He said: “When supply increases and people are confident that whatever they hold, either pms or diesel they can easily go and replace them, the arbitrary price will reduce. When arbitrary price reduces, you can begin to see there would be moderation in the price of these products which will ultimately reduce in the prices of other products. This is simply how we think we can work.”
The CBN chief said he is concerned about the impact which the petroleum products scarcity is having practically on all economies, saying this has resulted into imported inflation for the Nigeria economy.
He said immediate action must be taken to ensure that this trend does not continue, given the adverse consequences and aggressive price level could have on living and purchasing power, saying one of the reasons the price of diesel has gone up is because marketers do not know where and when they will get their next batch of diesel from.
According to him, the arbitrary price increase of diesel is due to marketers not being sure when they will get the next supply of diesel”.
The MPC advised the CBN management and the fiscal authorities, “to take specific and urgent action to avoid many power generating stations shutting down”.
The CBN, Emefiele said, “has always been there to support the power sector. “Like you all know, we have disbursed N1.3 trillion in the last five years to support both generating and Discos or to acquire equipment or to buy meters or to improve what is being paid to generating companies so that the system can continue to operate”.
He warned that capital flows will be restricted in 2022 as a result of the Russia-Ukraine crisis, saying “the rise in both corporate and public debt in the Advanced Economies and Emerging Market and Developing Economies, is also a major threat to global financial stability as the risk of sustainability is heightened in the current tensed global environment.

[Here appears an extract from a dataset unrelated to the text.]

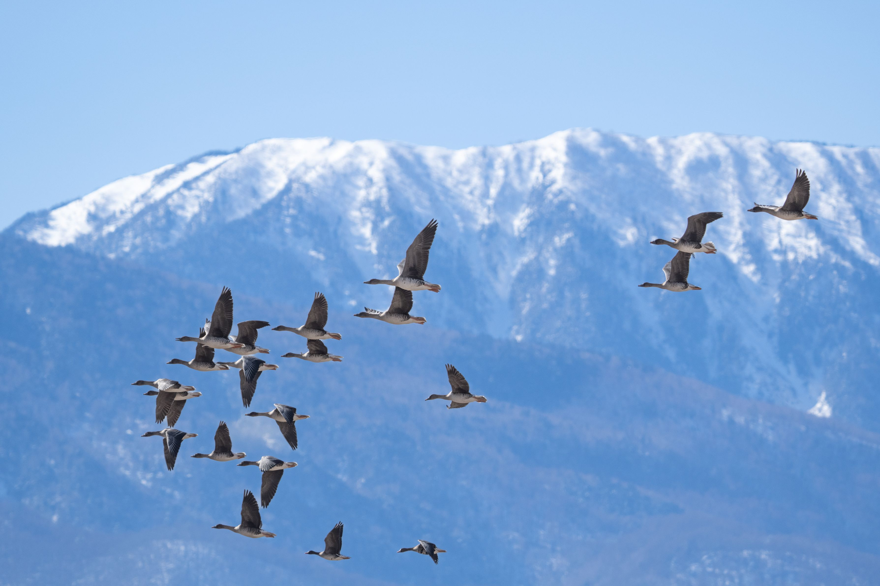 オオヒシクイ24羽、マガン2羽の群れが北アルプスを 背景にして飛んでくれました。・・が全部入りませんでした。
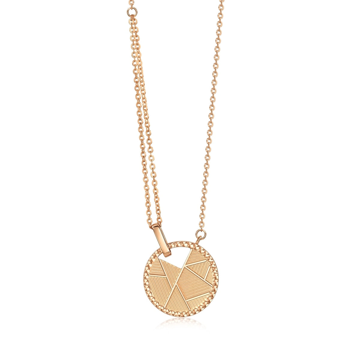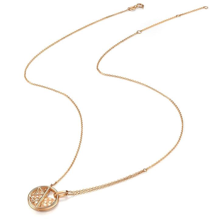 This 18K Rose Gold Necklace by Chow Sang Sang elevates your style with its geometric forms of circles and triangles. Featuring a wavy honeycomb engraving and a double necklace chain, this unique piece adds an extra edge to any look.

Capital flows are thus, expected to be restricted as global financial conditions tighten over the short to medium term.
The MPC also noted the continued resilience of the banking system, evidenced by the further moderation of the ratio of Non-Performing Loans (NPLs) to 4.84 per cent in February 2022 from 4.90 per cent in December 2021.
On the external reserves position, the Committee noted the decrease in the level of gross external reserves to US$39.44 billion as of March 17, 2022, from US$40.21 billion on January 25, 2022, indicating a decrease of 1.95 per cent during the review period.
Committee was satisfied that the use of the CBN’s discretionary CRR policy should be deployed more aggressively to control the level of money supply in the economy as a result, the MPC voted to: retain the Monetary Policy Rate (MPR) at 11.5 percent; retain the asymmetric corridor of +100/-700 basis points around the MPR; retain the CRR at 27.5 percent; and retain the Liquidity Ratio at 30 per cent.